Аня снова взяла микрофон:

— Это «Т Двенадцать», вызываю Бирн и Росси, будьте готовы. Предположительно, засекли противника в квадрате Д шесть… ноль-один-три два-пять-четыре.

Но остальные все равно ничего не могли сделать для них в случае, если бы произошло самое худшее. Аня проверила «Лансер». Берни приготовилась съезжать с дороги по пологому склону, который находился впереди, метрах в пятидесяти. Разбитая дорога представляла собой колдобины вперемежку с растрескавшимися бетонными плитами, и внезапно это зрелище приковало к себе ее внимание.

«Да, что-то здесь не так».

Переднее колесо провалилось в яму, и «Тяжеловоз» тряхнуло. В следующее мгновение что-то сильно ударило Берни по голове, и машина полетела — не вперед, а вверх, и дорога совсем исчезла из виду. Пес, заскулив, навалился на нее. Она была уверена в том, что тоже падает, хотя понятия не имела куда. А потом они действительно упали.

Она не сразу сообразила, где находится. Затем поняла, что лежит на полу, голова ее находится около рулевой колонки, а «Тяжеловоз» опрокинут. Берни окружали карты, бутылки с водой и осколки ветрового стекла. Левая дверца исчезла. В кабине висел запах дыма, кордита и крови.

— Черт! — Это было единственное, что пришло ей в голову. Она принялась шарить вокруг в поисках «Лансера» — он должен был быть рядом, — но вместо него ухватила пригоршню шерсти. Мак заскулил. По крайней мере, он жив. — Аня? Эй, Аня!

— Вылезай давай. — Раздался скрежет металла и громкий стон. Голос Ани, казалось, доносился издалека. — Ты меня слышишь, Берни? Ты можешь двигаться?

— Ага. Да, могу. Могу. — Берни механически вцепилась в свой «Лансер», выкарабкалась из дыры, которая только что была дверцей, и приготовилась стрелять. «Засада. Что это было? Гранатомет, бомба?» Не думая, она уже знала, что делать дальше. Оценить обстановку, найти укрытие, выбираться отсюда. Если ты остался жив, это еще не значит, что все кончилось хорошо. — Вы не ранены?

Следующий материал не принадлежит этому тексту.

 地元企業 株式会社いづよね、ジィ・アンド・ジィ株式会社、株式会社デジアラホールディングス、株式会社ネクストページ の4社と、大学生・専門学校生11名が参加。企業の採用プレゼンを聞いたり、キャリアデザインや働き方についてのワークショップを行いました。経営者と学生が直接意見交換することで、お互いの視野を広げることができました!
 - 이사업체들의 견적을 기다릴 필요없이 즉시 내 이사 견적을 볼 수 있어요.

Аня скрючилась рядом с ней, привалившись к днищу взорванного «Тяжеловоза», держа наготове «Лансер». Машина свалилась в неглубокую придорожную канаву, которая помешала ей перевернуться на крышу.

— Не знаю, — произнесла Аня, оглядываясь по сторонам. — Ты уверена, что с тобой все в порядке?

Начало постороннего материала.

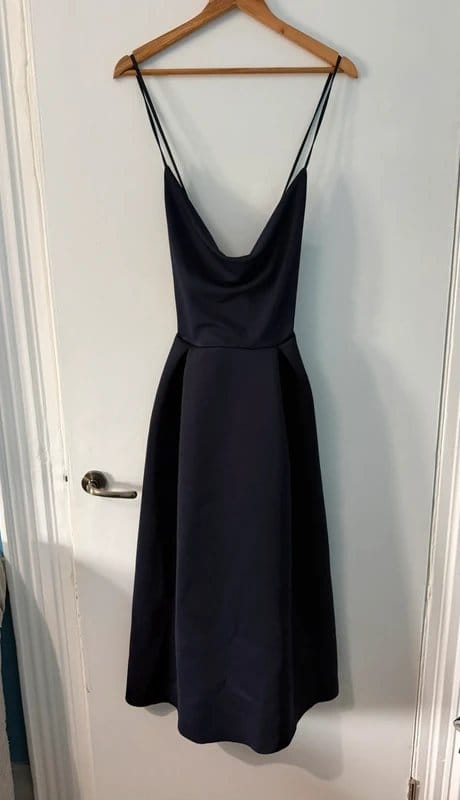 “Pair with navy satin heels and a matching clutch for a cohesive formal look.”
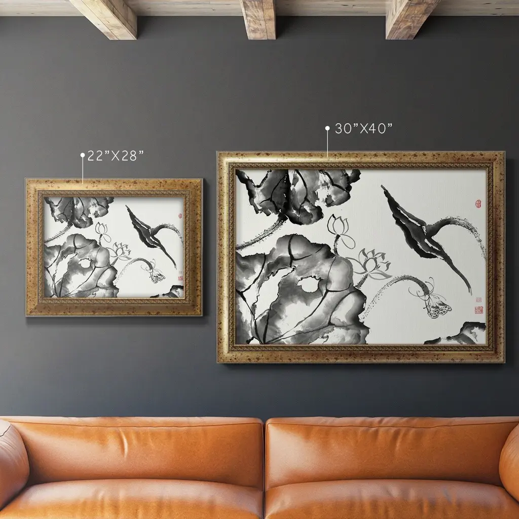 Lotus Study II Premium Framed Canvas- Ready to Hang A Premium Framed Canvas created to last. Framed in distressed wood and available in an array of sizes and colors Featuring a beveled a solid wood stretcher bar, each piece comes ready to hand 3 SIZES AVAILABLE 16''X20'' - Overall Size 18'X27'' - Overall Size 24''x36'' - Overall Size Each piece is made to order. Each piece comes with hanging hardware. Made in the USA Ready to Hang Giclee Paper Print Acrylic Glass Beveled Matt Board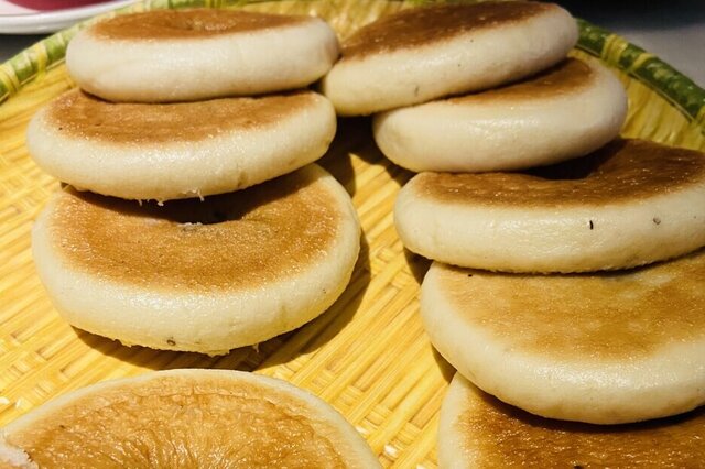 芝麻饼,一种面食。因其饼面遍撒芝麻,故而得名。以面粉、芝麻、糖、鸡蛋、食用油等为原料加工而成,具有甜美可口、香味浓郁、酥松易化等特点。芝麻饼趁热吃坚韧、鲜香,烤干吃酥脆可口。不仅是访亲问友的礼品,而且多做长途旅行、老人孩子、孕妇的干粮,长期食用干芝麻饼尚有开胃健脾之功效。芝麻饼在回民街随处可见,是西安人喜爱的美食小吃,其中又以塞上天娇芝麻饼和贵妃酥麻饼极富盛名,如果西安旅游不知道带什么特产回去,芝麻饼也是个不错的选择! 【 详细>>】

— Я потом намочу штанишки и расплачусь. — Берни знала, что почти готова сделать хотя бы одно из перечисленного, но ключевым словом здесь было «потом». А сейчас ее странным образом успокаивал тот факт, что она еще держится. Она была в шоке, напугана до смерти, но многолетний боевой опыт помог ей отстраниться от этих эмоций и сосредоточиться на выживании. — Давайте вызывать такси. Если пойдем пешком, нас засекут или напоремся на другую мину.

Нужно было готовиться к худшему. Едва успев произнести эти слова, она вспомнила, что Аня старше ее по званию и что принимать решения — задача командира. «Не важно. Пусть учится». Аня прижала палец к наушнику; голос ее лишь слегка дрожал.

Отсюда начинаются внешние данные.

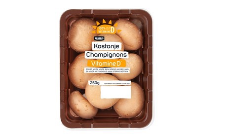 Retail packaging Vitamine D mushrooms at Jumbo Netherlands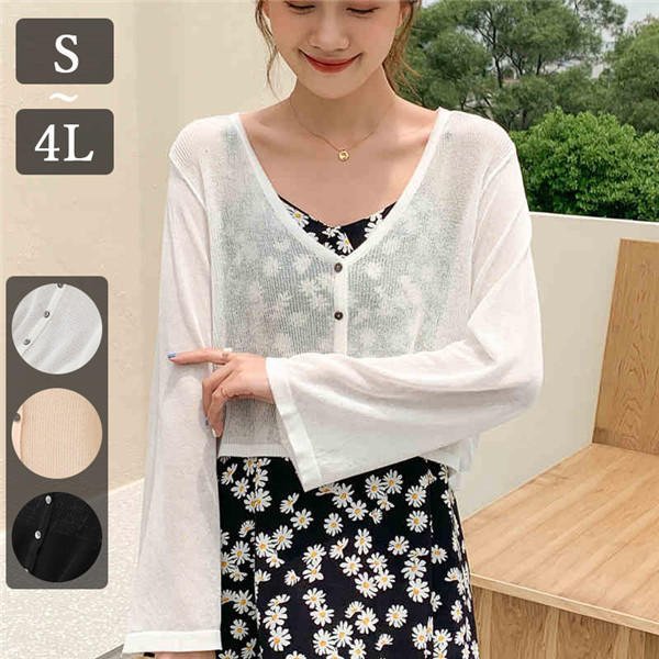 カーディガン レディース トップス 透け感 涼しい シアー 無地 ショート丈 カジュアル ゆったり オーバーサイズ 日焼け対策 冷房対策

— Центр, это «Т Двенадцать». Центр, как слышите меня? Это «Т Двенадцать». Мы подорвались на мине, находимся в квадрате Д шесть, на главной дороге…

— «Т Двенадцать», мы поняли, где вы, — ответил Матьесон. — Высылаем за вами птичку.

— Противника не видим, но, возможно, мы просто приманка.

— Ясно. Раненые есть?

— Пока с нами все нормально. — Непосредственной угрозы жизни сейчас не было — а если у кого-то из них открылось внутреннее кровотечение, они были оглушены приливом адреналина и из-за шока не могли это почувствовать. — Машина повреждена.

— «Т Двенадцать», направляю к Бирн другой отряд. Ждите.

Берни подползла к краю машины, высунула голову из-за лопнувшего переднего колеса. Примерно в тридцати метрах от них в земле зияла дыра с неровными краями. Часть дороги разворотило, повсюду валялись куски бетона. Она не ожидала увидеть такую большую воронку.

«Вот черт, мы по ней проехали, и затем нас швырнуло вперед. Какие-то несколько секунд спасли нам жизнь».

Смысл происшедшего дойдет до нее позднее. Задняя дверца машины выглядела так, словно ее нашпиговали пулями. Передняя часть лишь слегка помялась при падении; шипела горячая рыжая вода, выливавшаяся из поврежденного радиатора. Главный удар приняла на себя задняя часть машины. Неизвестное устройство взорвалось слишком поздно. И установлено оно было уже после того, как здесь проехал вчерашний патруль. Трудно было заметить следы работы террористов из-за густого кустарника, который окружал дорогу.

Мак был жив-здоров и бродил вокруг, обнюхивая кучи земли около машины; выглядел он вполне нормально.

«Свежий след для пса. Черт, сейчас самое время выследить этих подонков».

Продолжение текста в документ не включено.